Weber sacudió la cabeza.

– No. -Una pura y extraña curiosidad.

– ¡Ha vuelto a moverse! No me joda, hombre. De lo que estamos hablando aquí es de mi vida.

– Lo siento. Ojalá pudiera decírtelo, pero no sé nada de ello.

Incluso a él mismo le sonaban a falsas estas palabras.

Indignado, Mark le hizo una seña para que se quitara las pinzas de los dedos. Señaló hacia la cama.

– Conéctela a ella.

Karin se puso en pie, agitando ambas manos.

– Te he dicho cien veces todo lo que sé de esa nota, Mark.

Él no cejó hasta que ella estuvo sentada y con las pinzas de los electrodos en los dedos. Entonces le lanzó una andanada de preguntas. ¿Quién ha escrito esto? ¿Quién lo encontró? ¿Qué significa? ¿Qué tengo que hacer con esto? Karin respondió a cada acusación con creciente impaciencia.

– ¡No ha pasado nada! -exclamó Mark-. ¿Significa esto que está diciendo la verdad?

Significaba que la conductancia de su piel se mantenía invariable.

– No significa nada -dijo Weber-. Tienes que calibrarlo.

Por la tarde, antes de marcharse, Weber se lo planteó a Mark.

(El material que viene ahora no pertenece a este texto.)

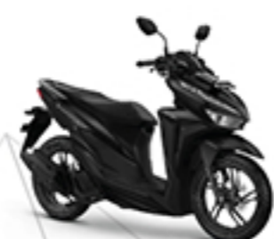
EXCLUSIVE MATTE BLACK

– Hay un síndrome llamado Capgras. Es muy infrecuente que suceda, pero a veces, cuando el cerebro sufre una lesión, uno pierde la capacidad de reconocer…

Le interrumpió un grito primigenio.

– Joder, doctor, no empiece con eso. Es lo mismo que dice el médico del hospital. Pero él está conchabado. Esa mujer debe de mamársela o algo así. -Miró fijamente a Weber, con un ruego en los ojos-. Creía que podía confiar en usted, loquero.